Nibbles: Wild veg, Cleome, Barberries, Alley-cropped wheat, Bison, Seed potatoes, Veg database, IPR of PGRFA
- Wild veg are very much in the news today. Teresa Borelli and Danny Hunter are unlocking their potential.
- Meanwhile, Eileen Omosa actually has unlocked their potential. Here’s her take on Cleome gynandra (smoked out by Luigi’s photo of same).
- And then there are barberries, scourge of rust-susceptible wheat.
- Some trees, though, properly deployed, can be good for wheat. My head’s spinning with all that complexity.
- Saddest story you’ll read all day? Or most hopeful? A timeline of the status of the bison in North America.
- Seed degeneration to be studied. And about time too. Course, they don’t mean true seed. That never degenerates, not even in the
- World Vegetable Center’s spiffy genebank, whose database contains 438 species. As odd a way to advertise the database as any.
- And here’s a thought to strike terror into the hearts of genebank curators everywhere: plant genetic resources may not all be public goods after all, says noted expert Michael Halewood.
PGR and climate change: The video of the book
Twenty years ago there was Climatic Change and Plant Genetic Resources. Now there is, ahem, Plant Genetic Resources and Climate Change. If you don’t have the $120-odd for the book, you can always watch the 30-odd minute video. Actually, both are well worth it.
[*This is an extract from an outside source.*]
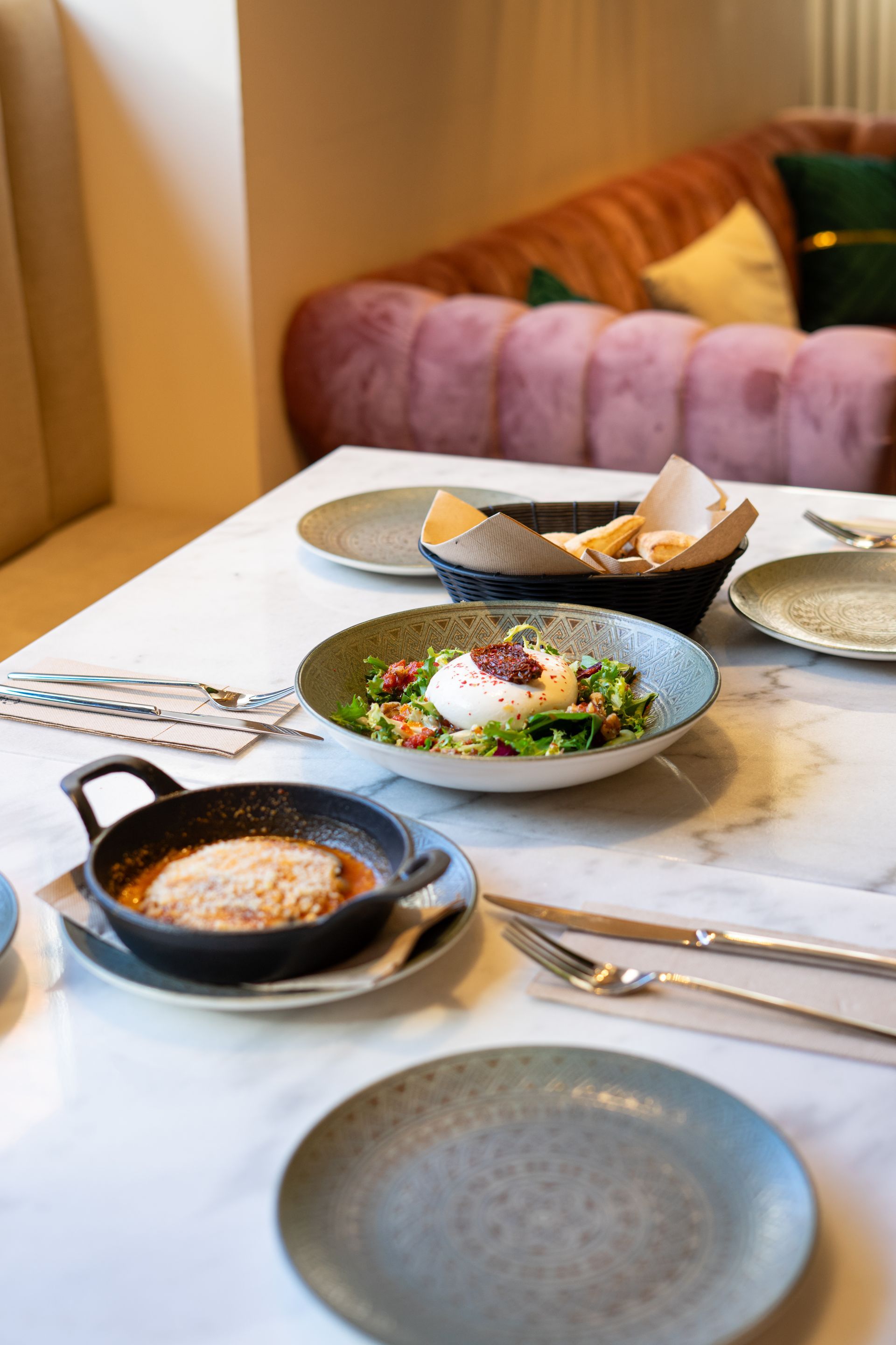 Disfruta de los colores de Italia al estilo Ineffabile, Empezado con Tomate San Marzano, Pesto Genovese y nubes de burrata DOP Puglia.

Deserts genebank rises from ashes
Some good news from the Egypt Deserts Gene Bank. This just in from its head, Dr Mohamed Amar:
The EDGB was looted and much valuable equipment destroyed during the uprisings in Egypt in February 2011. One of my key tasks was to rebuild the gene bank and increase its international network and collaborative research. Therefore, great funding was allocated from the budget of the Desert Research Center for the rehabilitation of the bank, to better than it was. In April 2013, the Egyptian Desert Gene Bank was reopened in the presence of senior leaders of the Desert Research Center and the governor of North Sinai. All equipment has been updated according to the latest standards. At the same time, we have been provided many scholarships for staffs outside Egypt, in China and other countries, as part of the rehabilitation of human resources.
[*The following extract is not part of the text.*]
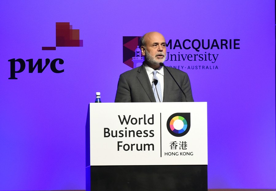 Ben Bernanke, former U.S. Federal Reserve chairman, speaks at the World Business Forum in south China's Hong Kong, June 2, 2015. (Xinhua/Lo Ping Fai)

We wish them all the best.
Nibbles: IK, Magi, Yield gap maps, ICRISAT DG, Maize and drought, Phenotyping workshop, Clone epigenetics, Root & tubers, Botanical social networking, Mexican archaeobotany, LOTW
- Intergovernmental Platform on Biodiversity and Ecosystem Services documents examples of how indigenous people’s knowledge conserves biodiversity, including of the agricultural kind.
- The truth about frankincense and myrrh. Talk about traditional knowledge.
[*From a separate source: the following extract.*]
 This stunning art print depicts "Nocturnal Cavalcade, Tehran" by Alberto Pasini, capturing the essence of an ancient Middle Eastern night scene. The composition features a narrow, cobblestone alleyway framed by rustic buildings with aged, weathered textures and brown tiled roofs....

- Can global crop production meet future demands? The Story Map.
- What ICRISAT is doing about the above, from the horse’s mouth.
- Progress in Achieving and Delivering Drought Tolerance in Maize — An Update: “Germplasm collections are assuming greater importance if gains from native genes are to be sustained. Efficient and accurate field phenotyping remains essential for genetic progress.”
- Workshop in Field-based High Throughput Phenotyping. Next April, in Arizona, you maize people.
- A clone is a clone is… no wait.
- Root and tuber people already planning their next big shindig, in October 2015. Meanwhile, they’re getting down to work in the Pacific.
- AoB Blog on plant science on Facebook. Also on Facebook.
- Solanum expert Dr Sandy Knapp on the of Global Plants Initiative.
- Archaeological remains of agriculture found in Nuevo Leon are oldest for that Mexican state.
- Legumes (genera) of the world now online, thanks to Kew.